- Todarpur Location in Uttar Pradesh, India
- Coordinates: 27°08′17″N 79°19′56″E﻿ / ﻿27.13811°N 79.33217°E
- Country: India
- State: Uttar Pradesh
- District: Mainpuri
- Tehsil: Bhongaon

Area
- • Total: 2.232 km^{2} (0.862 sq mi)

Population (2011)
- • Total: 2,004
- • Density: 897.8/km^{2} (2,325/sq mi)
- Time zone: UTC+5:30 (IST)
- PIN: 209720

= Todarpur, Mainpuri =

Village in Uttar Pradesh, India

Todarpur is a village in Bewar block of Mainpuri district, Uttar Pradesh, India. As of 2011, it had a population of 2,004, in 318 households.

== Demographics ==
As of 2011, Todarpur had a population of 2,004, in 318 households. This population was 54.9% male (1,101) and 45.1% female (903). The 0-6 age group numbered 324 (178 male and 146 female), or 16.2% of the total population. 495 residents were members of Scheduled Castes, or 24.7% of the total.
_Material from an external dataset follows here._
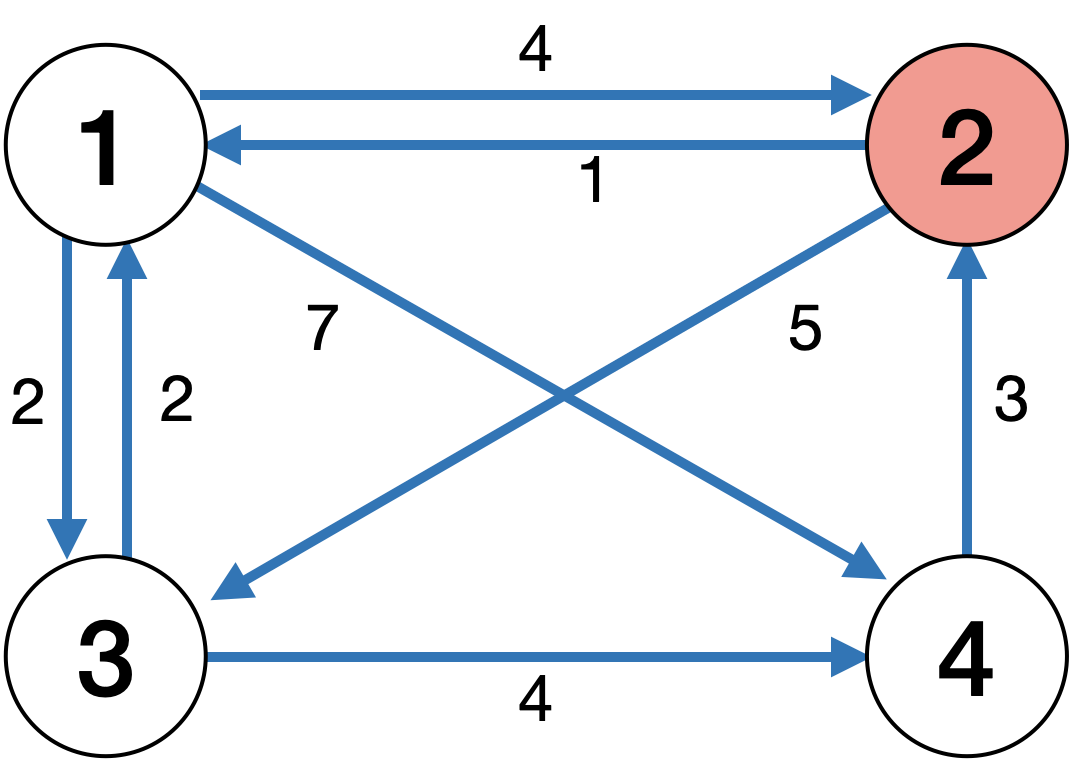 생각해볼 경우는 첫 번째 경우인데, 2번 노드를 목적지로 생각하게 되면 1, 3, 4번 노드 각각에 모두 다익스트라를 사용해야 한다.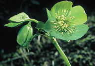 Scentless perennial of woodland on calcareous soils. FLOWERS Green (including the margins) with pointed sepals but no petals; in clusters (Feb–Apr). FRUITS Dry, many-seeded and splitting. LEAVES Divided into bright green, elongate lobes; not evergreen. STATUS Local and scarce, in central and S England and Wales.

The 1981 census recorded Todarpur as having a population of 1,451 people, in 267 households.

The 1961 census recorded Todarpur as comprising 1 hamlet, with a total population of 1,106 people (565 male and 541 female), in 214 households and 169 physical houses. The area of the village was given as 477 acres and it had a post office at that point.

== Infrastructure ==
As of 2011, Todarpur had 1 primary schools and 1 veterinary hospital but no healthcare facilities for humans. Drinking water was provided by hand pump and tube well/borehole; there were no public toilets. The village had a post office but no public library; there was at least some access to electricity for all purposes. Streets were made of both kachcha and pakka materials.